Tevogen Bio Holdings Revises Long‑Term Incentive Plan to Tie Awards to Revenue and Other Milestones

TVGN
January 30, 2026

Tevogen Bio Holdings Inc. updated its long‑term stock‑based incentive program on January 29 2026, shifting future awards to be contingent on the achievement of specific company milestones, including revenue targets, clinical development milestones, and regulatory approvals. The new plan applies to all employees, officers, directors and consultants eligible for the program and is designed to align compensation with the company’s commercial and scientific objectives as it moves toward the first‑in‑class ExacTcell platform launch.

The change follows Tevogen’s reverse merger with Semper Paratus Acquisition Corporation in May 2023, which enabled the company to list on NASDAQ in February 2024. The last major adjustment to the incentive structure occurred after that recapitalization, making this the first substantive revision in nearly two years. By tying awards to measurable milestones, Tevogen aims to strengthen motivation and retention while ensuring that executive and employee incentives directly support the company’s revenue‑generation goals for 2026 and its broader pipeline expansion.

Tevogen’s current financial position underscores the importance of the milestone‑based plan. Recent filings show the company holds approximately $1.04 million in cash, has ongoing net losses, and relies on an ATM equity line and credit facilities for liquidity. The incentive plan shift is therefore a strategic tool to drive performance without adding immediate cash outlays, as it rewards employees only when key milestones are met.

The new plan specifies that milestone achievements will trigger award vesting in a phased manner: revenue thresholds of $10 million, $25 million and $50 million will unlock 25 %, 50 % and 75 % of the total award, respectively.

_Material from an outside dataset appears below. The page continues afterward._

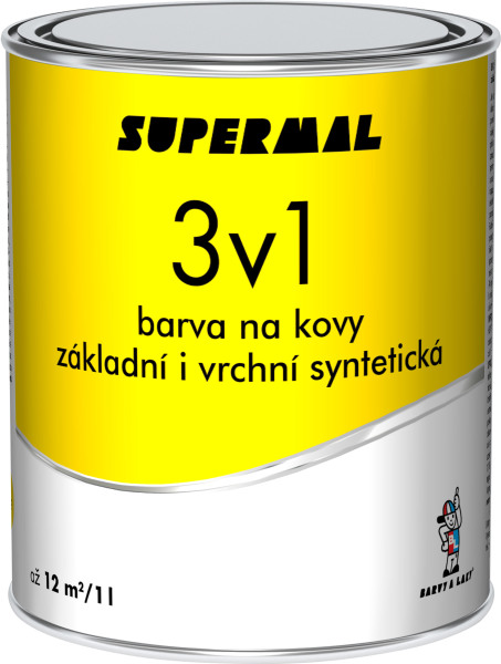 Skladem Supermal 3v1 S2177 0570 zeleň tmavá vrchní syntetická barva na kovy, 2,5 l PeMi kód: 716330 EAN: 8591235099447 Jednovrstvá polomatná barva spojující vlastnosti základního antikorozního nátěru, mezivrstvy a současně vrchní barvy. 949 Kč Do košíku

Additional milestones include the completion of the first‑in‑class clinical trial for the ExacTcell platform, FDA filing for a new indication, and the establishment of a commercial manufacturing site. These criteria provide clear, quantifiable targets that align with Tevogen’s stated goal of launching at least four blockbuster products by 2030.

Management emphasized that the incentive realignment reflects a broader focus on cost discipline and capital efficiency. CEO Dr. Ryan Saadi noted, “By tying compensation to revenue and other critical milestones, we reinforce the link between performance and reward, ensuring that our team remains focused on delivering the commercial success we need to sustain growth.” The company’s Nasdaq compliance status—having regained minimum bid price compliance in October 2024—also supports the need for a robust incentive framework to maintain investor confidence.

The milestone‑based plan is expected to have a modest financial impact on the company’s expense profile. Because awards are contingent on milestone achievement, the company will recognize incentive expense only when thresholds are met, thereby aligning compensation costs with actual performance. This approach mitigates the risk of over‑paying for unearned performance and supports the company’s cash‑constrained environment.

Overall, the revised incentive program positions Tevogen to better align its workforce incentives with its commercial and scientific milestones, potentially improving retention and execution as the company advances its ExacTcell platform toward market launch.